*TASK INPUT*:
####################
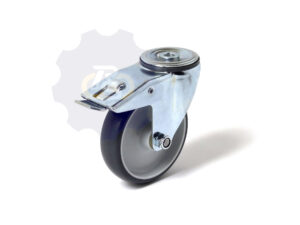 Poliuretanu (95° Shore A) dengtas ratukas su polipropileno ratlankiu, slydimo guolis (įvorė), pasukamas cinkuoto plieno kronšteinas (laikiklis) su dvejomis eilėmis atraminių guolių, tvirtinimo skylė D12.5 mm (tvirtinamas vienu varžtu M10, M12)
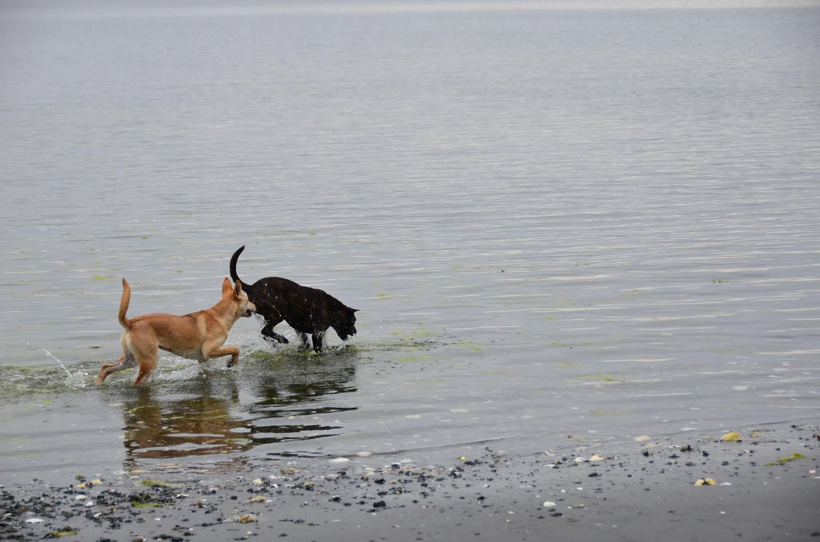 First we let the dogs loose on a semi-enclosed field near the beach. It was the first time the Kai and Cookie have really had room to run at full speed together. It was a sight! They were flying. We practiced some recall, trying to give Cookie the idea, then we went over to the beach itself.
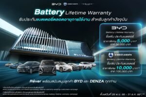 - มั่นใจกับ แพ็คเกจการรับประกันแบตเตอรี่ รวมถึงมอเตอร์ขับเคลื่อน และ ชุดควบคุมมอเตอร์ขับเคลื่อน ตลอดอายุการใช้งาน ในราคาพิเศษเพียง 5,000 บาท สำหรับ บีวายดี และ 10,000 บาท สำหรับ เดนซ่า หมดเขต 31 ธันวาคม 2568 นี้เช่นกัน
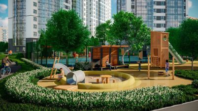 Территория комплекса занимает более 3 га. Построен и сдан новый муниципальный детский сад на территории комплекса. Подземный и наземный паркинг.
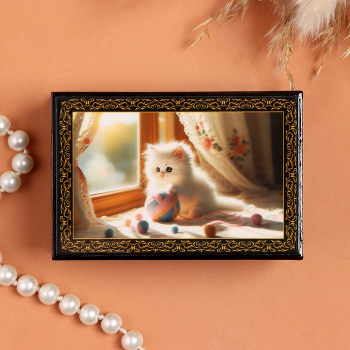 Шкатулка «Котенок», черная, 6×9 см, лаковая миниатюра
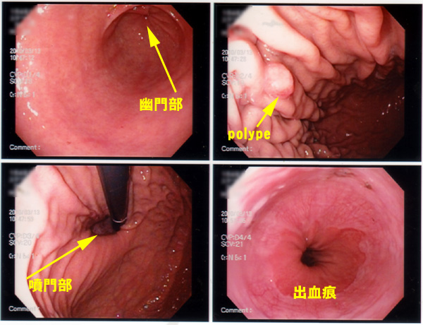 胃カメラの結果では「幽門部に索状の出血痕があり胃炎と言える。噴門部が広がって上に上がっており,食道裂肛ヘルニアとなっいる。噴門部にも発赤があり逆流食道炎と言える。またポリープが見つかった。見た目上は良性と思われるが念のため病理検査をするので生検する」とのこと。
####################
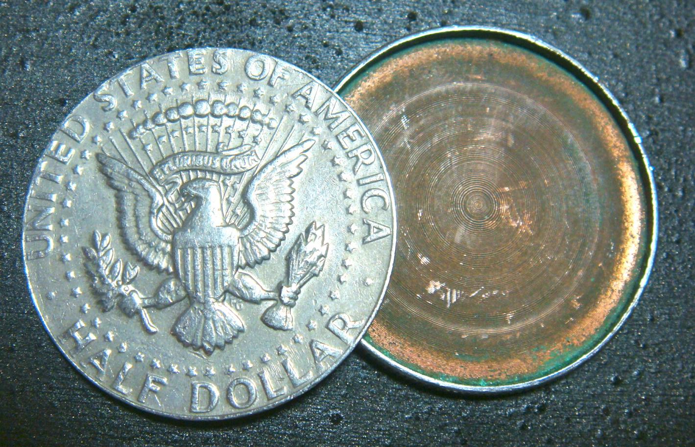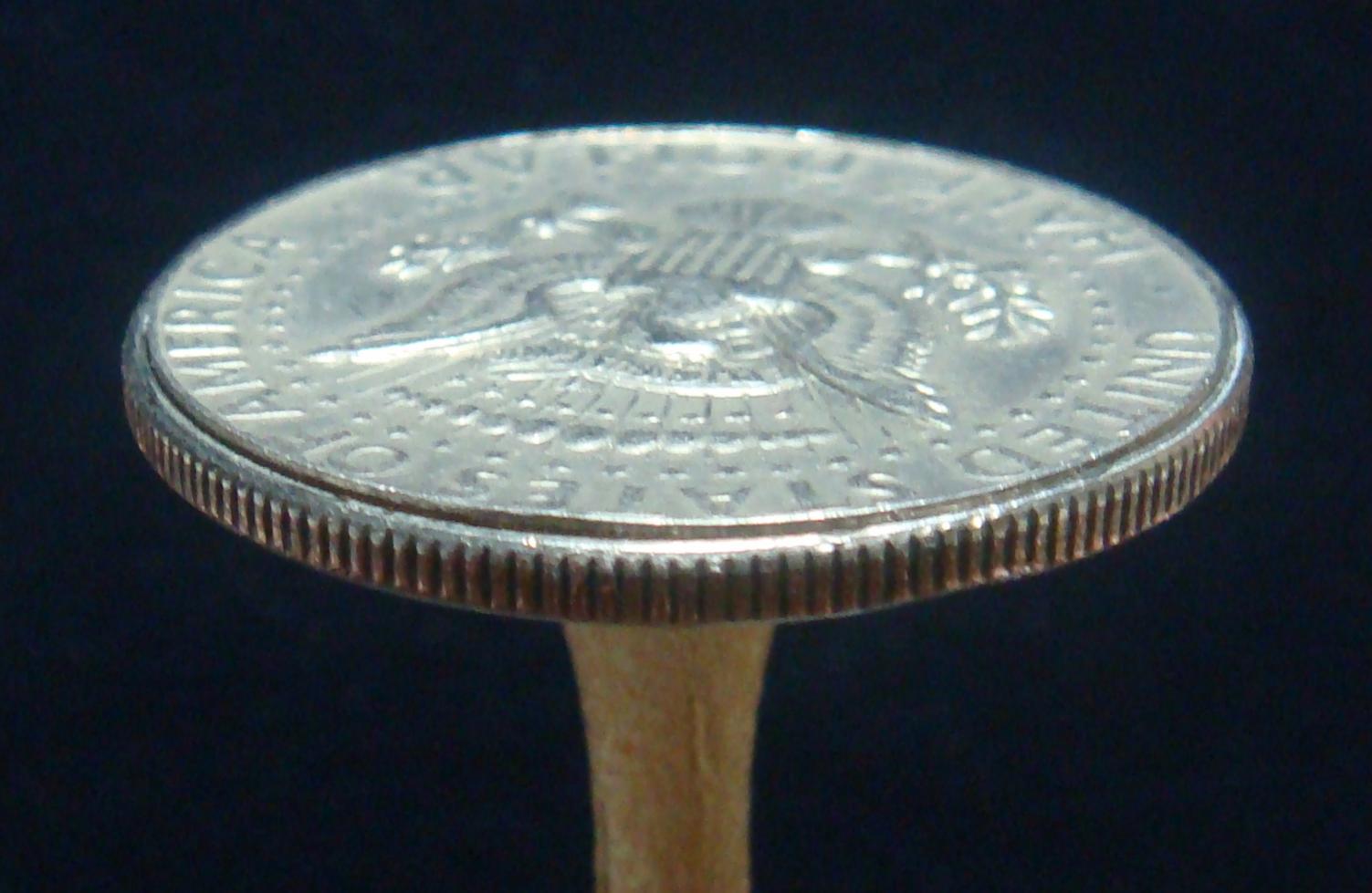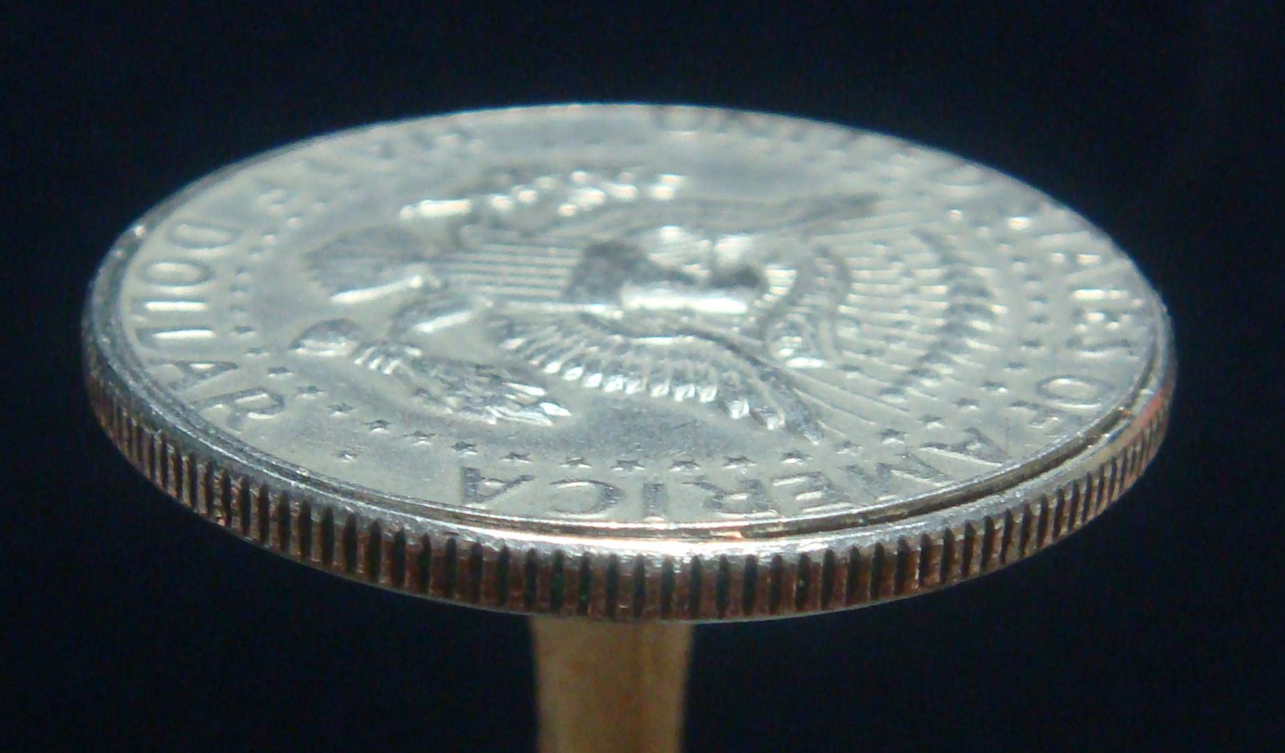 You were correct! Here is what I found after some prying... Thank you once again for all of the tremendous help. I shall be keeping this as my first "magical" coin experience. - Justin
####################
*EXERCISE DETAILS*: In the records above, find the line containing "см, лаковая миниатюра" and the line containing "胃カメラの結果では「幽門部に", then give both of them again word for word along with every line between. Omit any pictures.

*EXERCISE RESULT*:
 Шкатулка «Котенок», черная, 6×9 см, лаковая миниатюра
 胃カメラの結果では「幽門部に索状の出血痕があり胃炎と言える。噴門部が広がって上に上がっており,食道裂肛ヘルニアとなっいる。噴門部にも発赤があり逆流食道炎と言える。またポリープが見つかった。見た目上は良性と思われるが念のため病理検査をするので生検する」とのこと。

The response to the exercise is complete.